● **Supplied data**

=-=-=

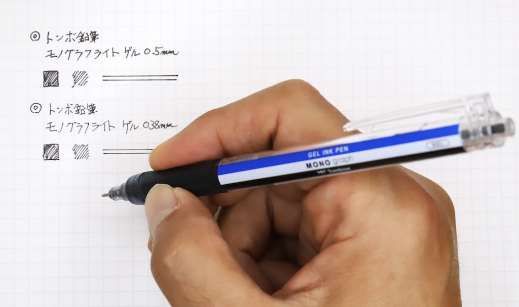 「油性よりゲルのほうが筆圧が少なく書けるから」など樹脂グリップ採用の理由はあろう。しかし冬でも手汗をかいてグリップが滑りがちな筆者は、従来モノグラフライトシリーズのゴムグリップが非常に気に入っていたため、この変更はかなり残念だ。
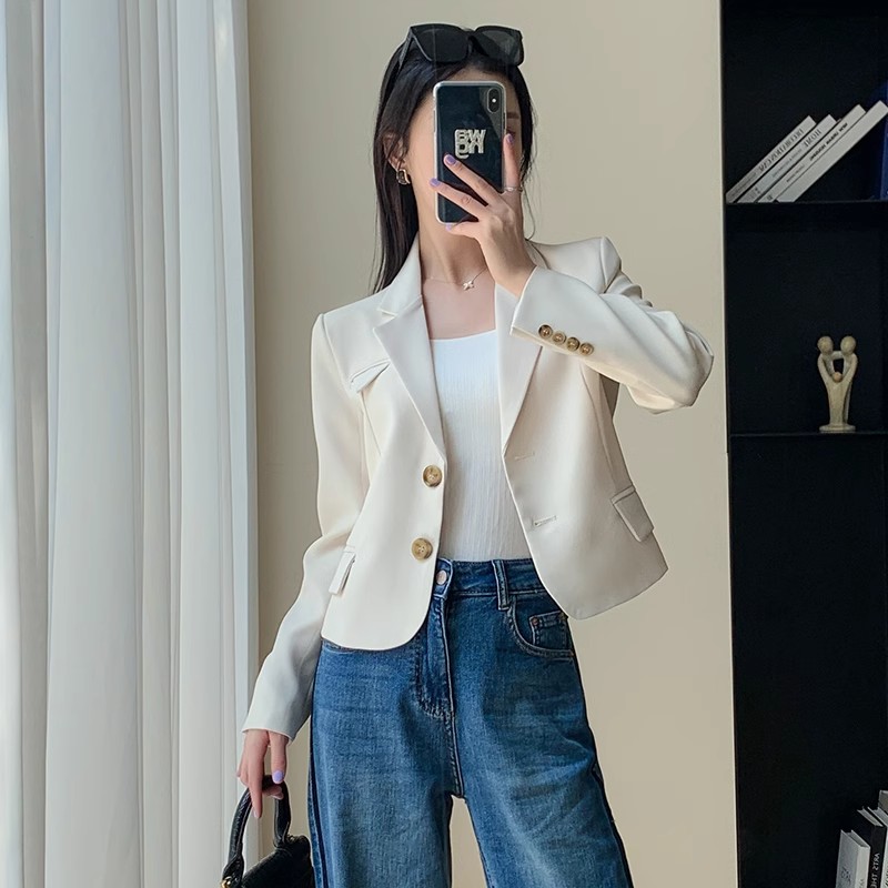 FA51986# 小西服上衣新款休闲米白色短款西装外套女春夏款高级感小个子 服裝批發女裝批發服飾貨源
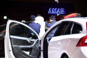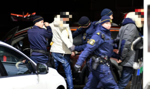 En polispatrull fann vid 21.40-tiden en efterlyst bil på Shell macken Lockarp. Fler polispatruller kallades till platsen då bilen var i sällskap med en annan bil med flera personer i. Totalt omhändertog polisen fyra personer från de båda bilarna. I en av bilarna fann polisen registreringsskyltar som inte hörde till den aktuella bilen. Enligt uppgift på platsen kommer personerna att transporteras in till polishuset för förhör.

=-=-=

● **Problem to solve**
Would you print the whole listing exactly, omitting the pictures?

● **Expected answer**
 「油性よりゲルのほうが筆圧が少なく書けるから」など樹脂グリップ採用の理由はあろう。しかし冬でも手汗をかいてグリップが滑りがちな筆者は、従来モノグラフライトシリーズのゴムグリップが非常に気に入っていたため、この変更はかなり残念だ。
 FA51986# 小西服上衣新款休闲米白色短款西装外套女春夏款高级感小个子 服裝批發女裝批發服飾貨源
 En polispatrull fann vid 21.40-tiden en efterlyst bil på Shell macken Lockarp. Fler polispatruller kallades till platsen då bilen var i sällskap med en annan bil med flera personer i. Totalt omhändertog polisen fyra personer från de båda bilarna. I en av bilarna fann polisen registreringsskyltar som inte hörde till den aktuella bilen. Enligt uppgift på platsen kommer personerna att transporteras in till polishuset för förhör.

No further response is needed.